**The problem**
Your task is to restate every entry below word for word and omit the images.

**Provided data**
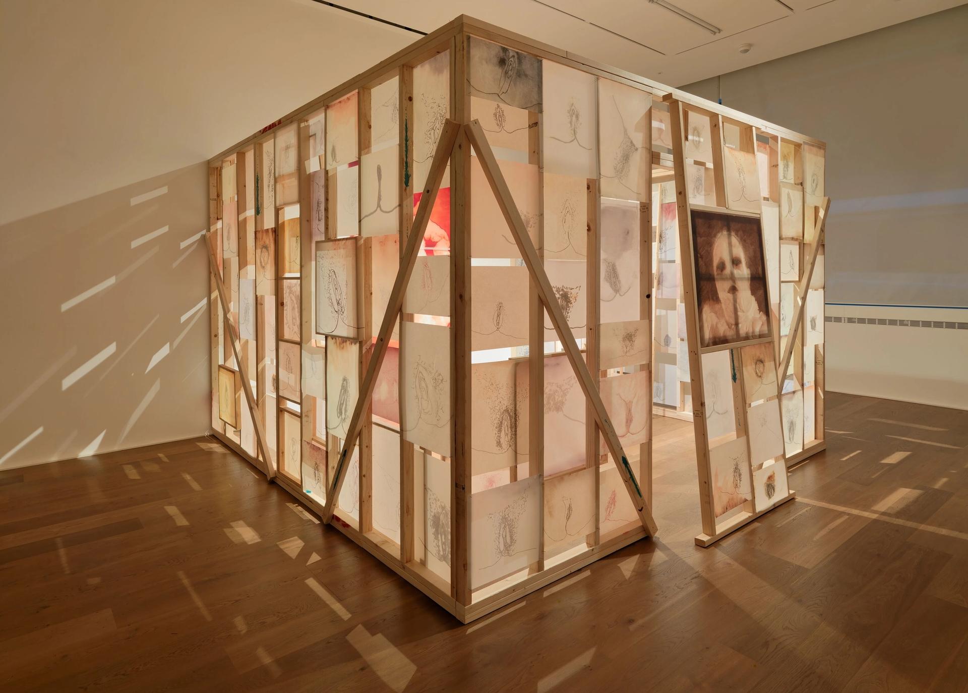 Applebroog has been represented by Hauser & Wirth since 2009 and had a major solo exhibition in the gallery’s Upper East Side space in New York the following year, titled Monalisa. The exhibition featured a room-sized structure plastered with more than 100 drawings based on the aforementioned series of sketches from the late 1960s. Her most recent exhibition was held at Hauser & Wirth’s Somerset space in 2022; titled Ida Applebroog: Right Up To Now 1969–2021, it encompassed several key eras of her career.
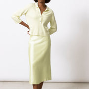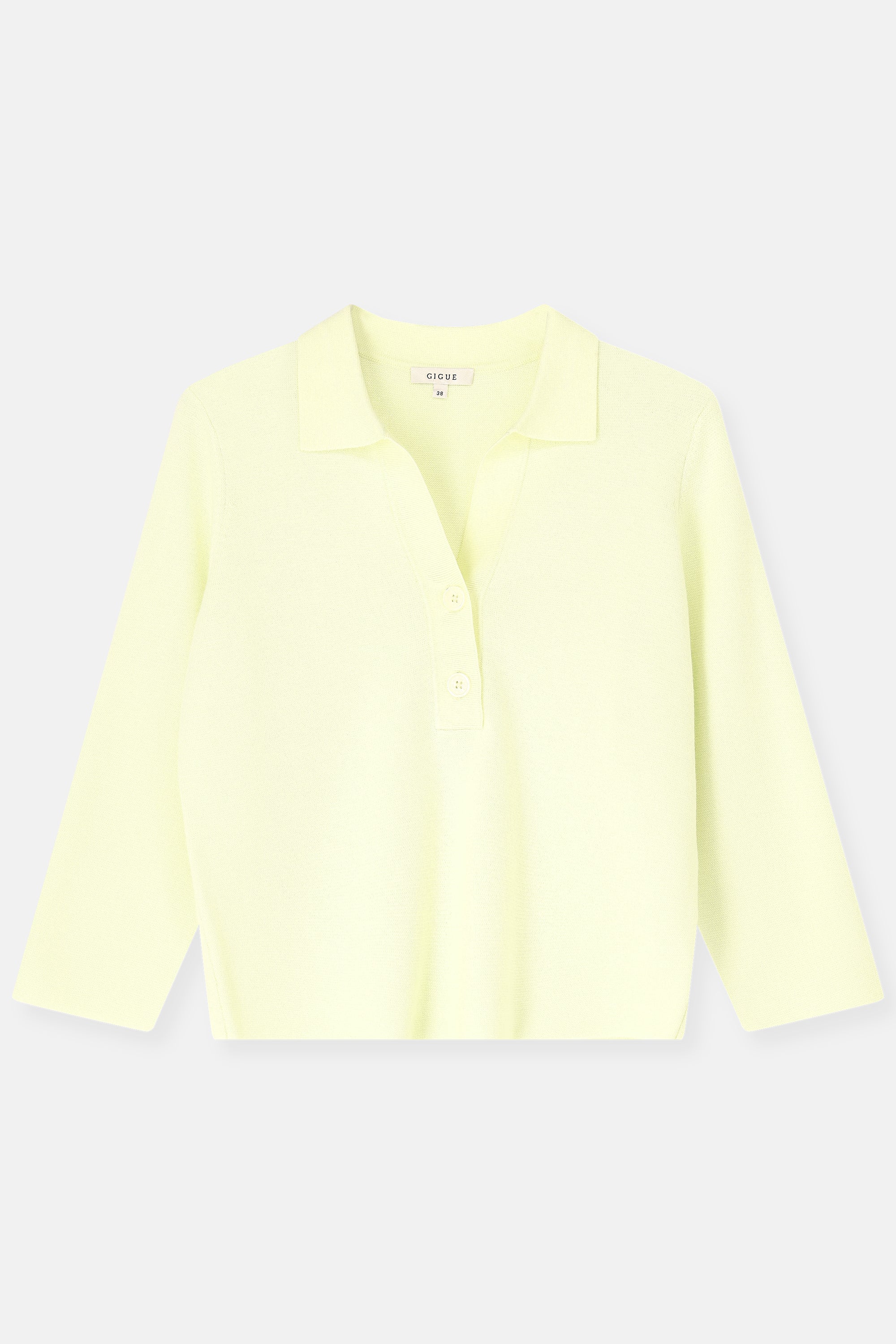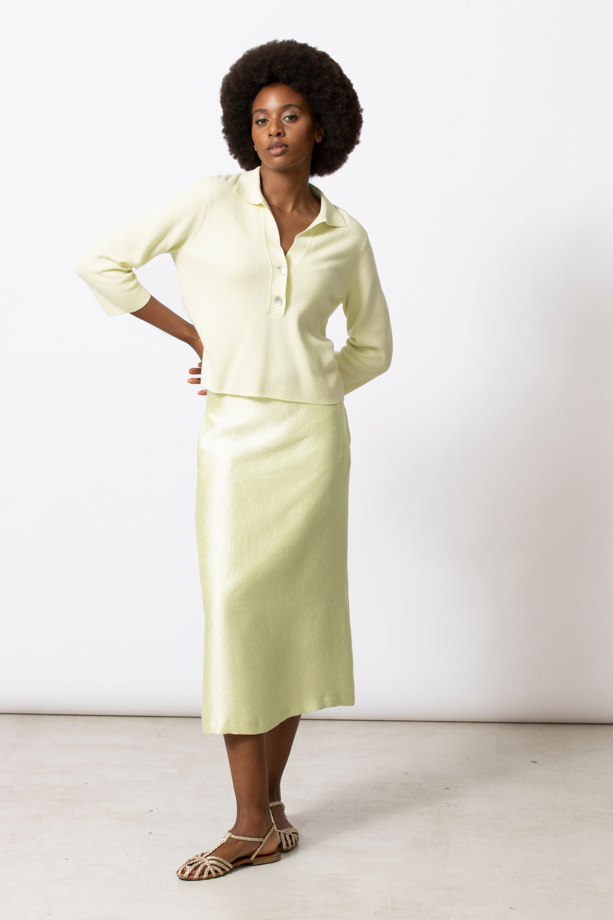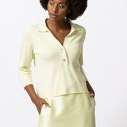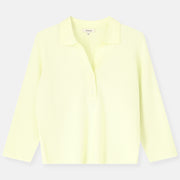 A boxy polo in a structured yet breathable knit, designed with a modern attitude. The V-neck and three-quarter sleeves keep the silhouette open and fresh, while the volume adds body without feeling heavy. Wear it loose over a skirt or trousers, or lightly tucked in for a graphic line.
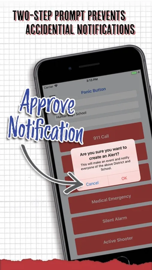 Easily enable all emergency notifications at the touch of your fingertips. Our two-step process eliminates any false notifications. Based on your school's needs you can create the following notifications: enable 911 call, lockdown, shelter in place, medical emergency, silent alarm, and active shooter. *Alyssa’s Law compliant*
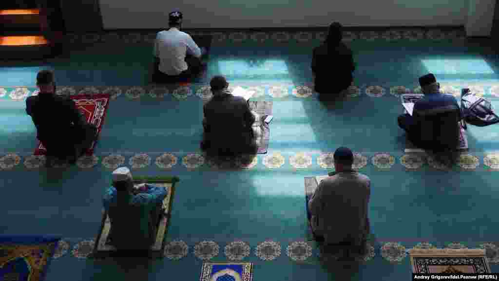 Теперь их посещение разрешено — но только в масках и перчатках, кроме того, необходимо соблюдать социальную дистанцию. Корреспондент "Idel.Реалии" побывал на первом пятничном намазе в казанской мечети "Гаилә". Эта мечеть расположена в микрорайоне "Азино", где плотность населения очень высокая, потому обычно пятничные намазы здесь собирали одновременно порядка 700 прихожан (как внутри здания, так и во дворе) — однако в эту пятницу, 5 июня, мечеть смогла принять лишь около 200 человек. Во дворе и внутри мечети нанесли специальную разметку — полоски, рядом с которыми надлежало класть молельные коврики.
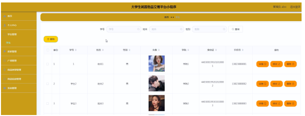 微信小程序大学生闲置物品交易平台的系统管理员可以对学生信息修改删除以及查询操作。具体界面的展示如图5.1所示。
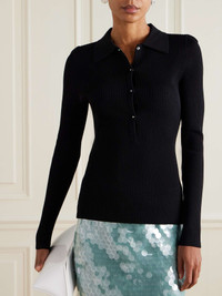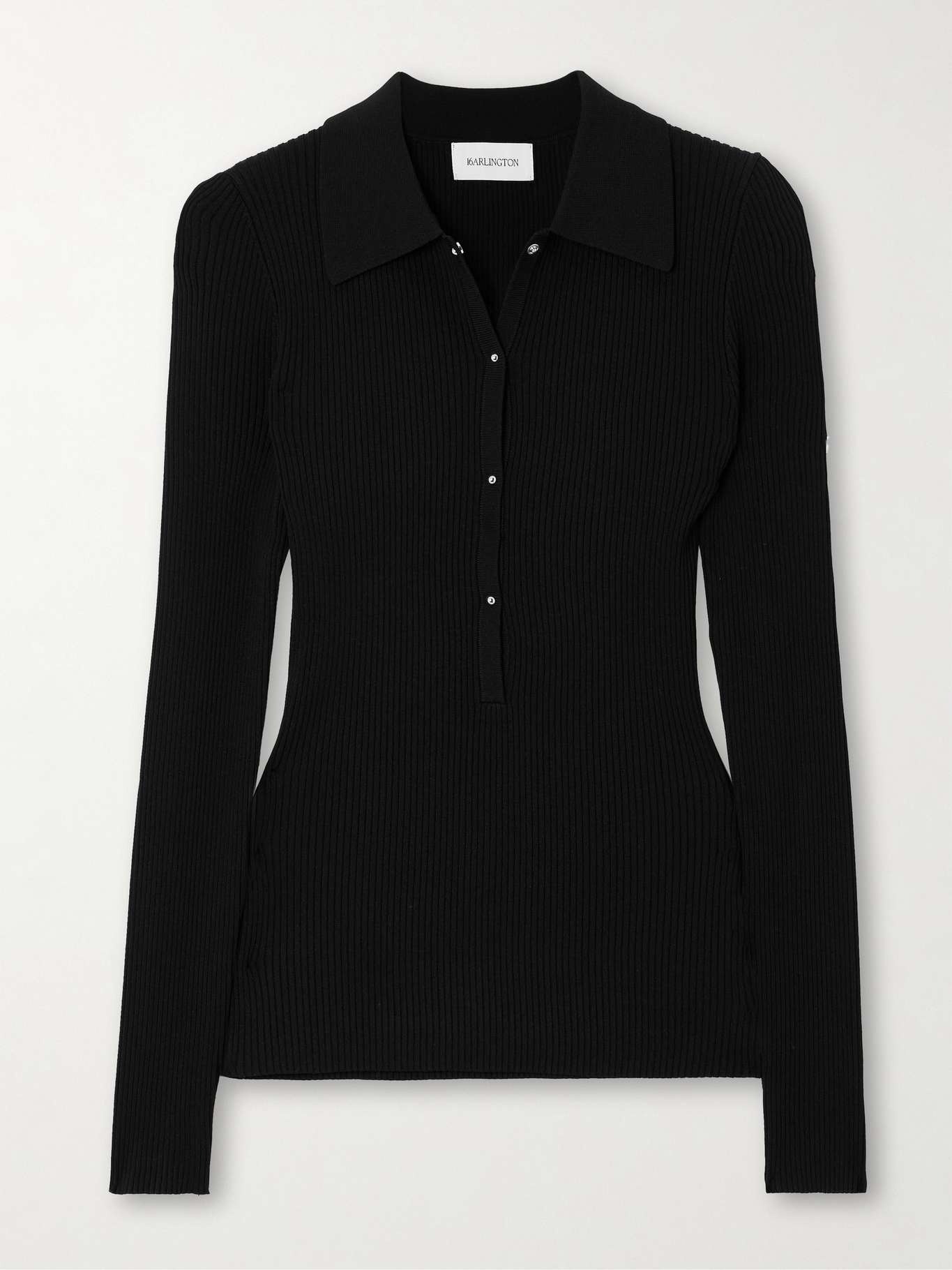 16ARLINGTON's 'Cisca' sweater is rib-knitted for a slim fit and has a neat polo collar. Wear yours with jeans or tailoring, leaving the first few buttons undone for the coolest take. Size & Fit - Fits true to size, take your normal size - Designed for a slim fit - Lightweight knit - Model is 180cm/ 5'11" and is wearing a size Small Model measurements: - Bust: 85cm/ 33.5" - Waist: 62cm/ 24.5" - Hip: 88cm/ 34.5" Details & Care - Black ribbed-knit - Snap fastenings through front - 77% viscose, 23% nylon - Dry clean
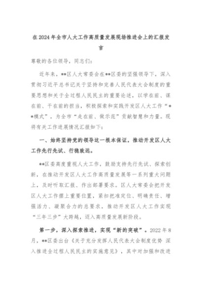 【七哥公文】2024年:在2024年全市人大工作高质量发展现场推进会上的汇报发言+更多免费公文+VX:QiGeGongWen2024
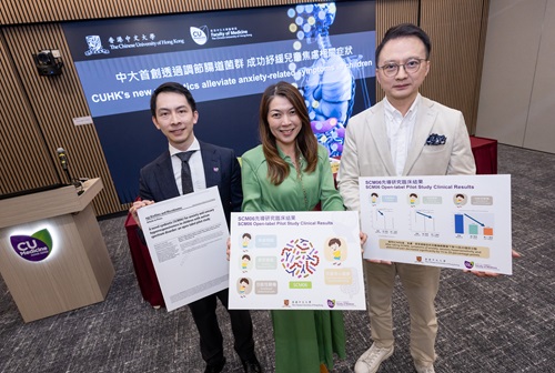 中大醫學院跨學科團隊針對兒童面對焦慮情緒和感官過敏的困擾,成功研發SCM06配方。這些菌株在實驗室研究中已證實能促進產生具穩定神經作用的物質,有望透過腸腦之間的聯繫(腸腦軸)緩解情緒症狀。研究團隊於2023至2024年間開展一項臨床研究,邀請了30名4至11歲有明顯焦慮及感官過敏症狀的自閉症兒童參與,為他們提供為期12星期的SCM06口服配方。參加者每日服用配方,並定期接受臨床評估及糞便樣本分析,以觀察臨床症狀、腸道菌群及其代謝物的變化。
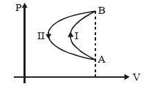 In a cyclic process, a gas is taken from state $A$ to $B$ via path $-I$ as shown in the indicator diagram and taken back to state $A$ from state $B$ via path $-II$ . In the complete cycle
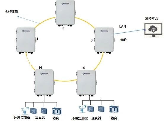 光纖環網:通過光纖把各個光伏光纖終端盒連接起來組成環網,交換機通過網線與數據采集器連接。當環網中的任一光纖出現中斷時,對于主站接收數據沒有影響,不會出現通訊斷鏈、數據丟失的情況;并且光纖的傳輸相對速率更快,傳輸距離能夠達到20km。
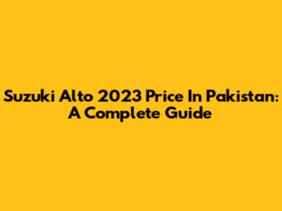 Suzuki Alto 2023 Price In Pakistan: A Complete Guide
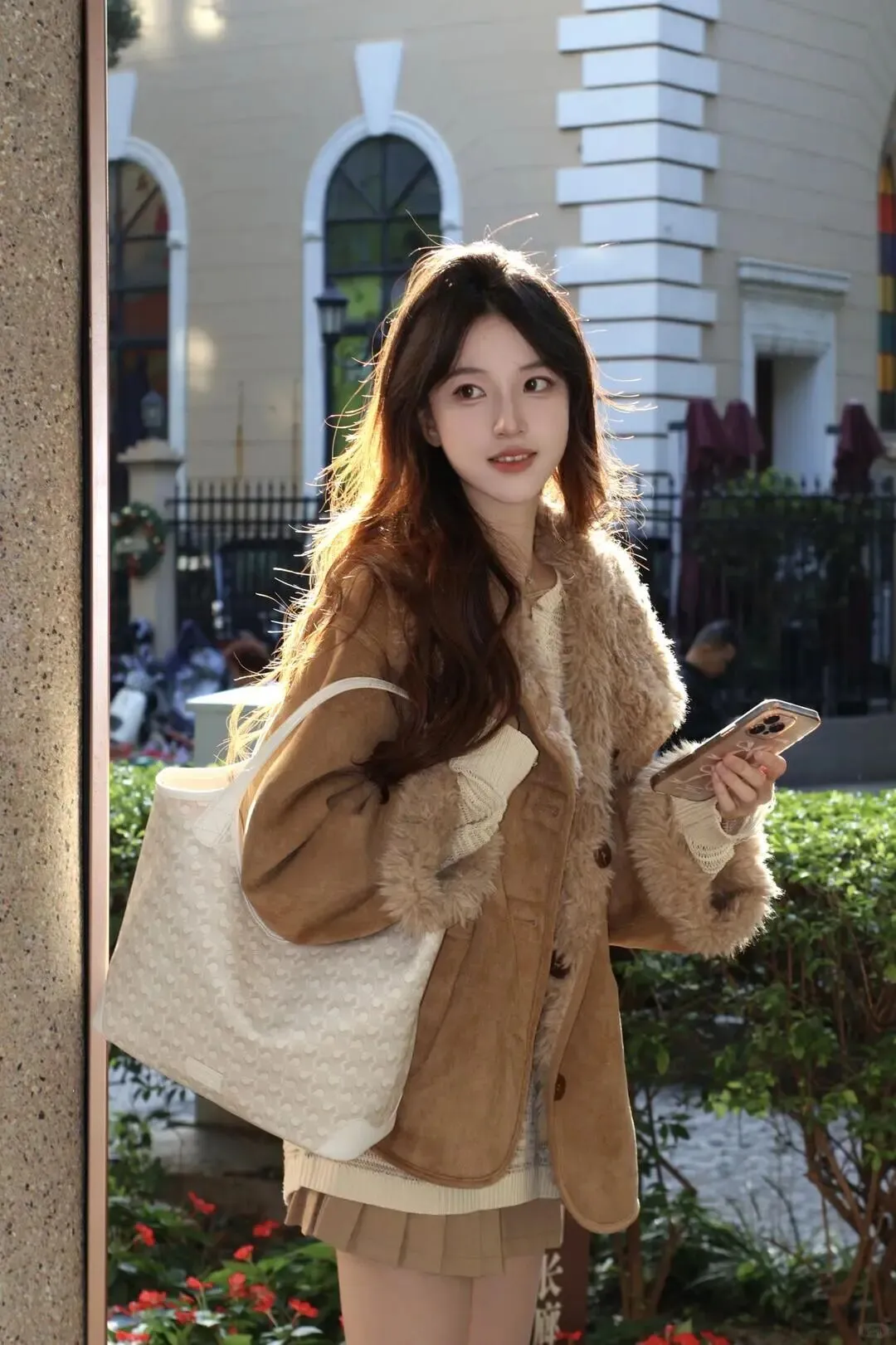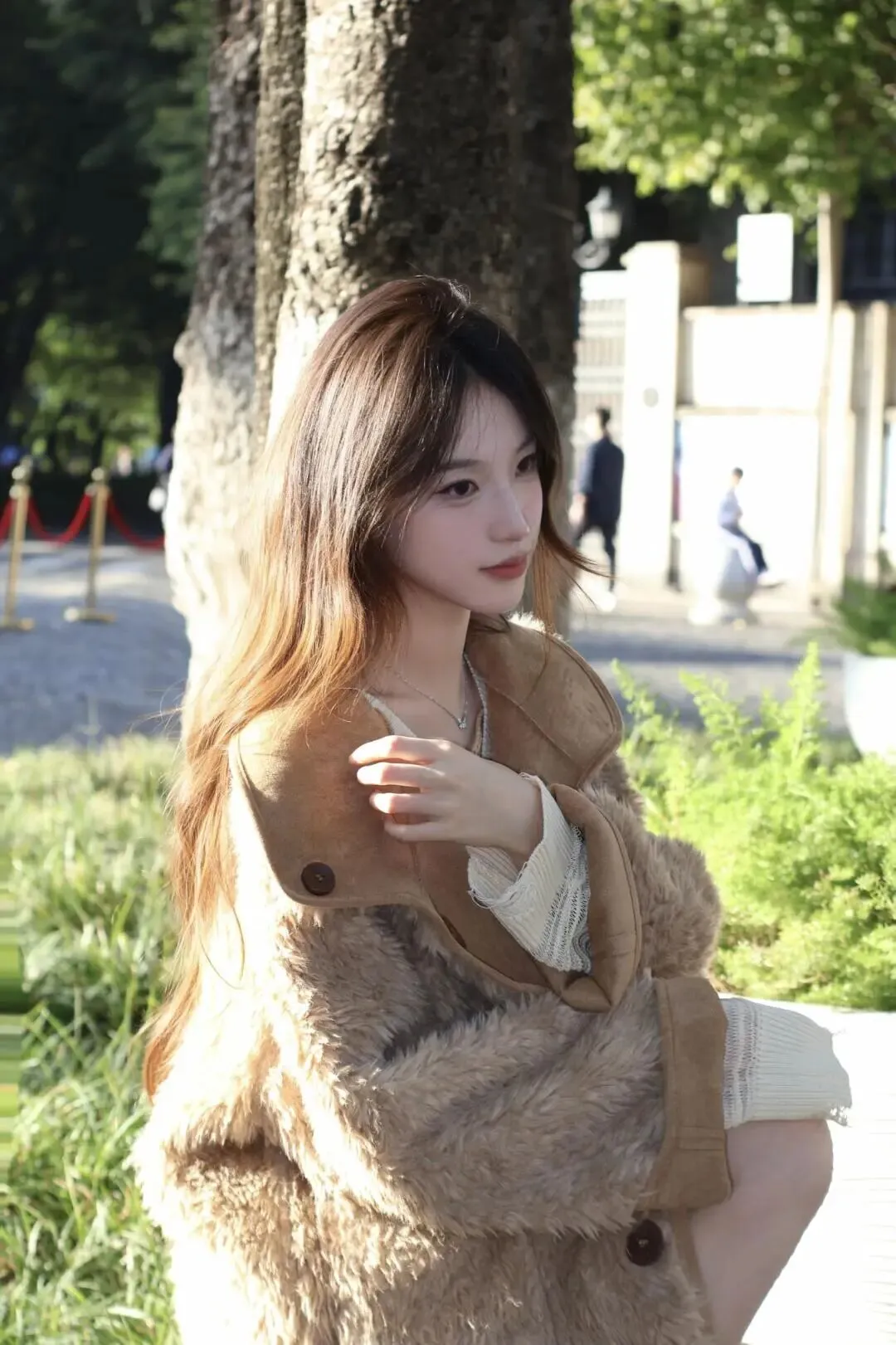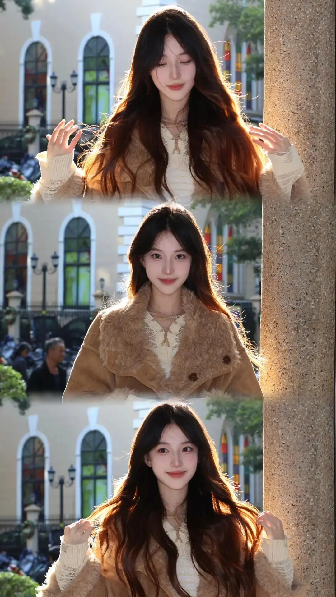 拍照时间最好选在下午三点到五点之间,这时候的阳光角度倾斜,不会在脸上留下难看的阴影。试着背对或者侧对太阳,让光线从你的头发边缘穿过,这样能拍出发丝金灿灿的效果,整个人看起来毛茸茸的特别温柔。就像图片里那样,站在柱子旁边,让阳光打在侧脸和肩膀上,皮肤的质感会显得通透又细腻。不要害怕阳光刺眼,微微闭眼或者低头看手机,都能捕捉到那种慵懒的午后时光。记住,光线到位了,照片就成功了一半,那种暖调的氛围感是后期很难调出来的。

**Written solution**
 Applebroog has been represented by Hauser & Wirth since 2009 and had a major solo exhibition in the gallery’s Upper East Side space in New York the following year, titled Monalisa. The exhibition featured a room-sized structure plastered with more than 100 drawings based on the aforementioned series of sketches from the late 1960s. Her most recent exhibition was held at Hauser & Wirth’s Somerset space in 2022; titled Ida Applebroog: Right Up To Now 1969–2021, it encompassed several key eras of her career.
 A boxy polo in a structured yet breathable knit, designed with a modern attitude. The V-neck and three-quarter sleeves keep the silhouette open and fresh, while the volume adds body without feeling heavy. Wear it loose over a skirt or trousers, or lightly tucked in for a graphic line.
 Easily enable all emergency notifications at the touch of your fingertips. Our two-step process eliminates any false notifications. Based on your school's needs you can create the following notifications: enable 911 call, lockdown, shelter in place, medical emergency, silent alarm, and active shooter. *Alyssa’s Law compliant*
 Теперь их посещение разрешено — но только в масках и перчатках, кроме того, необходимо соблюдать социальную дистанцию. Корреспондент "Idel.Реалии" побывал на первом пятничном намазе в казанской мечети "Гаилә". Эта мечеть расположена в микрорайоне "Азино", где плотность населения очень высокая, потому обычно пятничные намазы здесь собирали одновременно порядка 700 прихожан (как внутри здания, так и во дворе) — однако в эту пятницу, 5 июня, мечеть смогла принять лишь около 200 человек. Во дворе и внутри мечети нанесли специальную разметку — полоски, рядом с которыми надлежало класть молельные коврики.
 微信小程序大学生闲置物品交易平台的系统管理员可以对学生信息修改删除以及查询操作。具体界面的展示如图5.1所示。
 16ARLINGTON's 'Cisca' sweater is rib-knitted for a slim fit and has a neat polo collar. Wear yours with jeans or tailoring, leaving the first few buttons undone for the coolest take. Size & Fit - Fits true to size, take your normal size - Designed for a slim fit - Lightweight knit - Model is 180cm/ 5'11" and is wearing a size Small Model measurements: - Bust: 85cm/ 33.5" - Waist: 62cm/ 24.5" - Hip: 88cm/ 34.5" Details & Care - Black ribbed-knit - Snap fastenings through front - 77% viscose, 23% nylon - Dry clean
 【七哥公文】2024年:在2024年全市人大工作高质量发展现场推进会上的汇报发言+更多免费公文+VX:QiGeGongWen2024
 中大醫學院跨學科團隊針對兒童面對焦慮情緒和感官過敏的困擾,成功研發SCM06配方。這些菌株在實驗室研究中已證實能促進產生具穩定神經作用的物質,有望透過腸腦之間的聯繫(腸腦軸)緩解情緒症狀。研究團隊於2023至2024年間開展一項臨床研究,邀請了30名4至11歲有明顯焦慮及感官過敏症狀的自閉症兒童參與,為他們提供為期12星期的SCM06口服配方。參加者每日服用配方,並定期接受臨床評估及糞便樣本分析,以觀察臨床症狀、腸道菌群及其代謝物的變化。
 In a cyclic process, a gas is taken from state $A$ to $B$ via path $-I$ as shown in the indicator diagram and taken back to state $A$ from state $B$ via path $-II$ . In the complete cycle
 光纖環網:通過光纖把各個光伏光纖終端盒連接起來組成環網,交換機通過網線與數據采集器連接。當環網中的任一光纖出現中斷時,對于主站接收數據沒有影響,不會出現通訊斷鏈、數據丟失的情況;并且光纖的傳輸相對速率更快,傳輸距離能夠達到20km。
 Suzuki Alto 2023 Price In Pakistan: A Complete Guide
 拍照时间最好选在下午三点到五点之间,这时候的阳光角度倾斜,不会在脸上留下难看的阴影。试着背对或者侧对太阳,让光线从你的头发边缘穿过,这样能拍出发丝金灿灿的效果,整个人看起来毛茸茸的特别温柔。就像图片里那样,站在柱子旁边,让阳光打在侧脸和肩膀上,皮肤的质感会显得通透又细腻。不要害怕阳光刺眼,微微闭眼或者低头看手机,都能捕捉到那种慵懒的午后时光。记住,光线到位了,照片就成功了一半,那种暖调的氛围感是后期很难调出来的。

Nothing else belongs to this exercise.